May 28, 2014

Kitchen Set Tiling

As we continued the kitchen set renovation, the next step was to tile the counter. I was back and forth on whether we should paint the cabinet first and then tile, or tile then paint. In the end I decided to tile, then paint. I found these glass mini tile sheets in Ivory Iridescence at Home Depot and I liked the neutral colors. They are also very thin, which will work well on these counters because the line up perfectly with the metal lip around the edge.

I measured the counter to be 15” by 30” at the widest points, so I made sure to buy enough tile to cover everything. I laid out the tile sheets and pre-cut what I could with scissors.

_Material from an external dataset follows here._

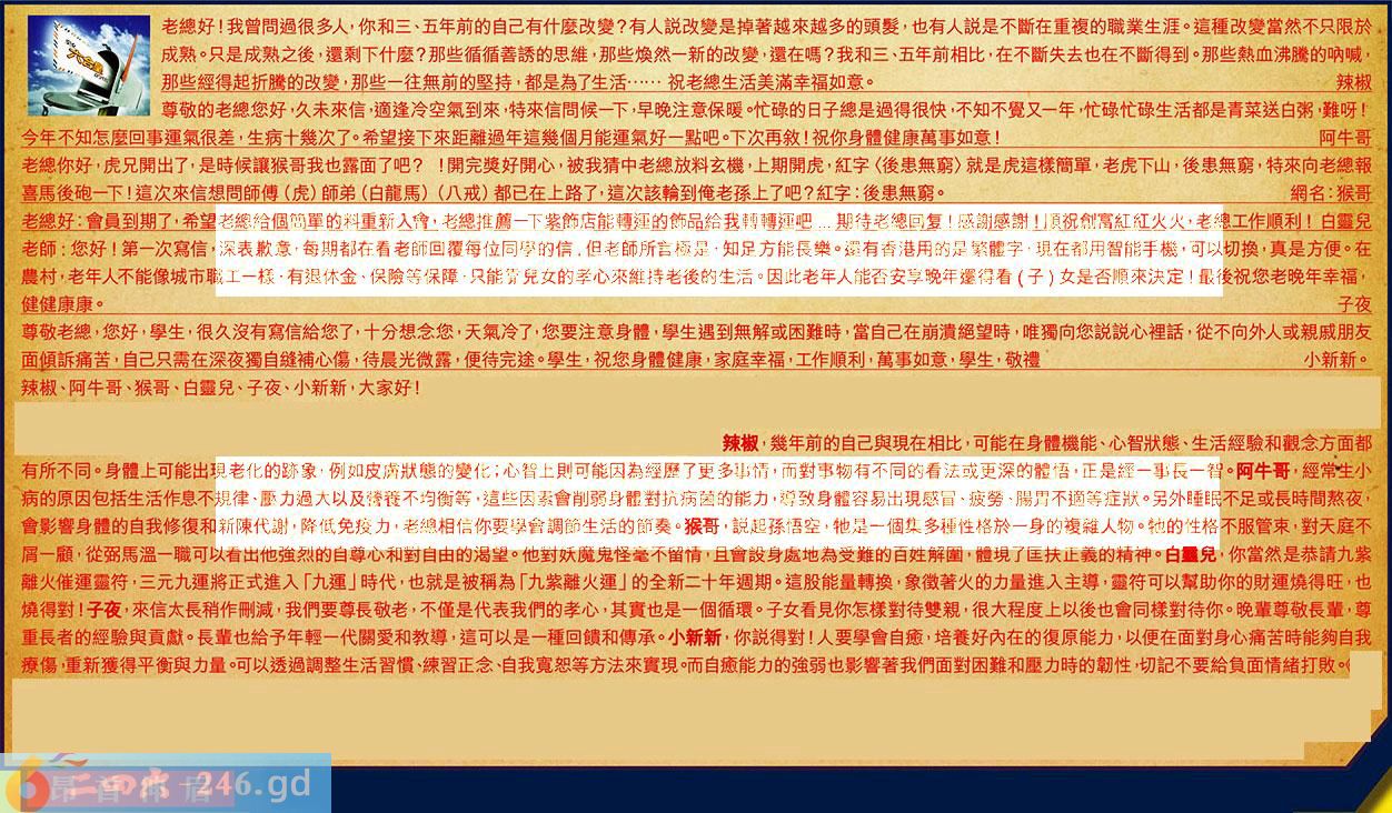 【3】.老總你好,虎兄開出了,是時候讓猴哥我也露面了吧?!開完獎好開心,被我猜中老總放料玄機,上期開虎,紅字《後患無窮》就是虎這樣簡單,老虎下山,後患無窮特來向老總報喜馬後饱一下!這次來信想問師傅(虎)師弟(白龍馬)(八戒)都已在上路了,這次該輪到俺老孫上了吧?紅字:後患無窮。網名:猴哥

Once I everything was laid out, I carefully pulled everything off and put a thin coat of thinset down. I made notches with the trowel and laid down the tiles. Big sheets first, then the smaller sheets.

For the partial tiles at the edges and around the sink, I used a glass tile nipper from Home Depot. It cost about $12 and was awful. It was so bad I want to take it back to Home Depot and complain to a manager. I was SO frustrated. No matter how many times I tried, it couldn’t make a decent cut. Every tile would shatter and crack and the lines were wobbly and all over the place. Glass splinters everywhere. The tiles were way too small for our wet tile saw, so eventually I just had to let it go, tell myself that it’s just a toy kitchen set and use the wonky chipped pieces. But if I was tiling my kitchen backsplash I would definitely look into other options because this particular tile nipper was a nightmare.

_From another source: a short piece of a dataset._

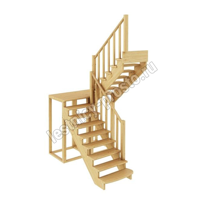 Материал: ясень (ступени и поручень), сосна (косоуры, столбы, балясины)

Once everything was glued down with thinset, I felt much better. The wonky cut tiles blended in already and I knew with grout it would look even better.

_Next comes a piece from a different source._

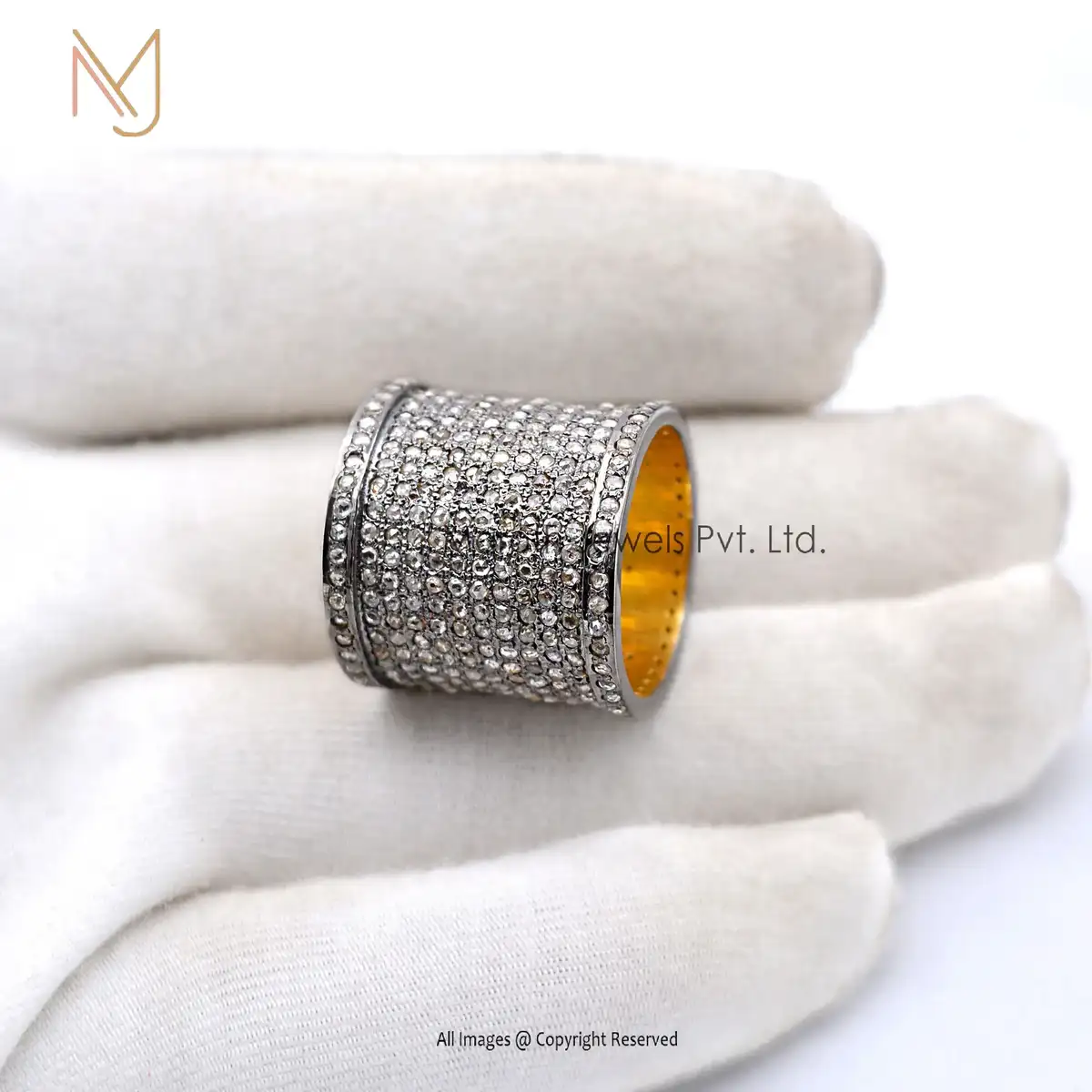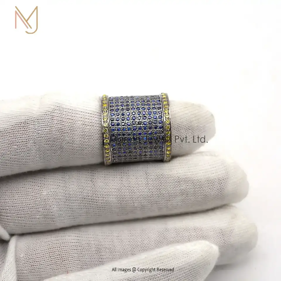 Wholesale 925 Silver Yellow Gold Rhodium Plated Blue Sapphire Gemstone Cigar Band Ring

The thinset had to dry overnight. The following day I was able to grout. Unfortunately it was also raining, so I had to do my grouting inside in the basement. Excuse the anemic basement pictures, it was the best I could do.

I actually bought a pre-mixed tub of 2-in-1 thinset and grout for glass tile. Normally it’s much more cost effective to buy the powdered stuff and mix it yourself, but this was such a tiny area and the leftover mixes we had were for ceramic tile. I put it on with a grout float and then wiped it off the excess carefully with a grout sponge and a bucket of water. I wiped it over and over until the tiles were gleaming, surrounded by fresh white grout. I left it to dry overnight.

The next day I returned to the basement to paint the cabinet and made an unpleasant discovery. The grout did not dry well - the lines between the tiles were pockmarked and uneven all over the entire counter. You can kind of see it in the photo (again excuse the awful basement lighting):

I’m not sure if it was because we used a 2-in1 product or if this is normal for glass tile grout because I’m new to both. But it was definitely disappointing. I had to regrout the entire thing all over again. The only good news was that the second round did the trick and the following day the grout looked great after fully drying. I am really pleased with how the counter turned out - even if it did take two coats of grout!

I plan on sealing the grout as well since little kids are messy, but I have to wait for the grout to fully cure first. In the meantime, it was time to finally starting painting and caulking.